_EXERCISE OBJECTIVE_
Would you repeat the listing below verbatim and drop the images?

_SUPPLIED INFORMATION_
※ ※ ※

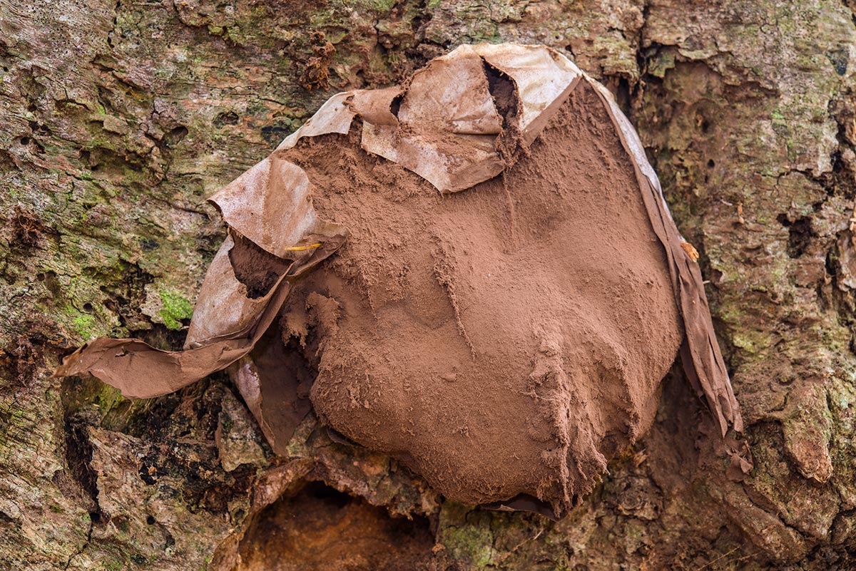銀色の金属光沢を持つ外皮膜が破れ、むき出しになった茶色い胞子が、
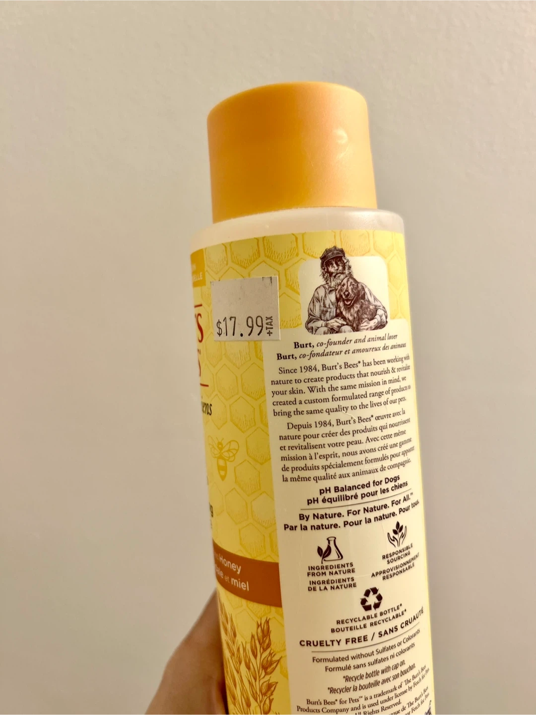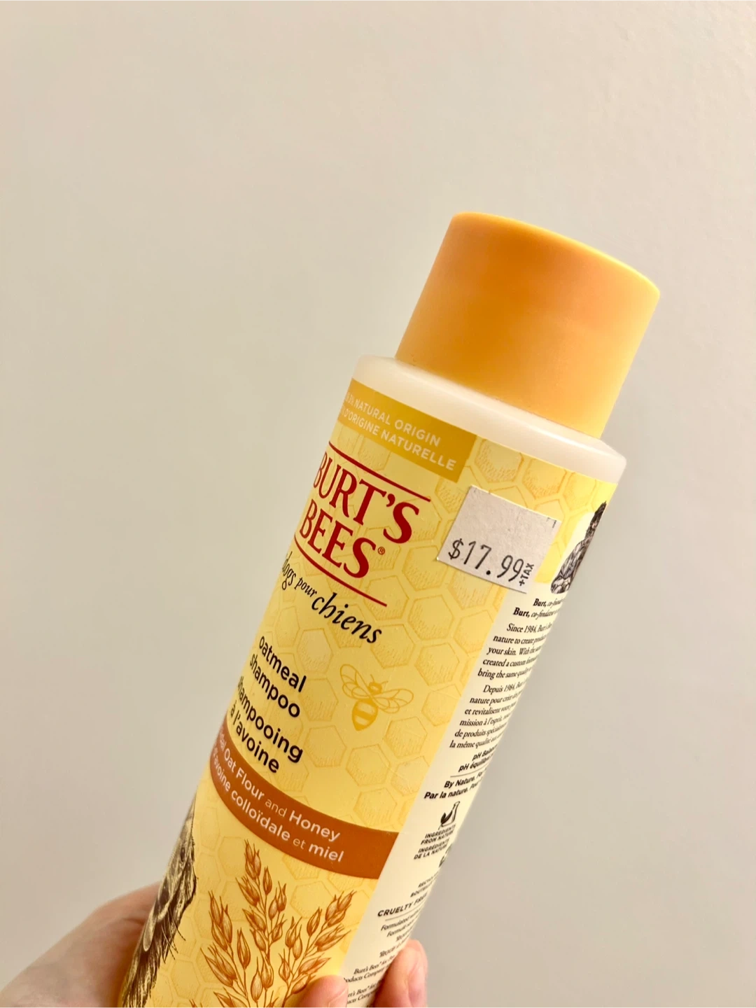 Selling a bottle of Burt's Bees® Oatmeal Dog Shampoo - Colloidal Oat Flour & Honey.
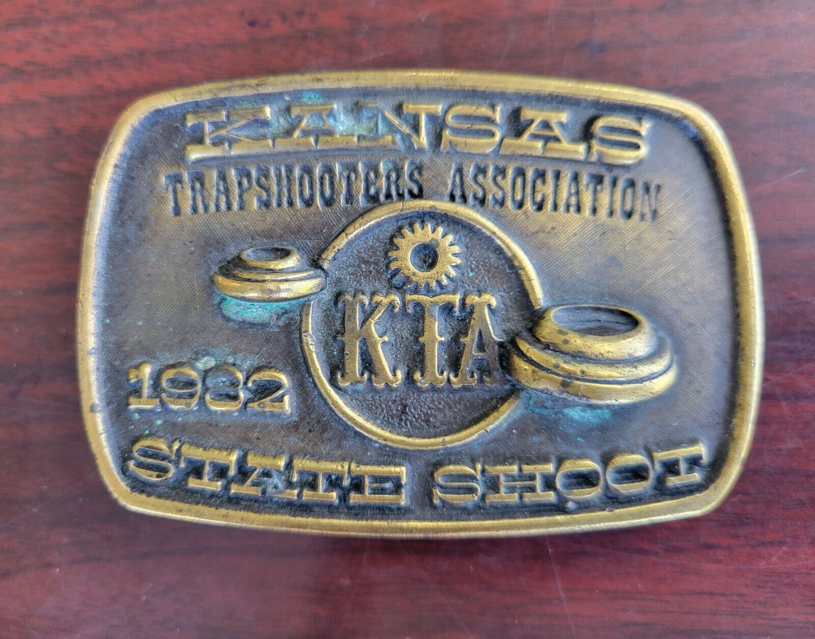 1982 Kansas Trapshooters Association State Shoot Solid Brass Belt Buckle USA

※ ※ ※

_EXPECTED ANSWER_
銀色の金属光沢を持つ外皮膜が破れ、むき出しになった茶色い胞子が、
 Selling a bottle of Burt's Bees® Oatmeal Dog Shampoo - Colloidal Oat Flour & Honey.
 1982 Kansas Trapshooters Association State Shoot Solid Brass Belt Buckle USA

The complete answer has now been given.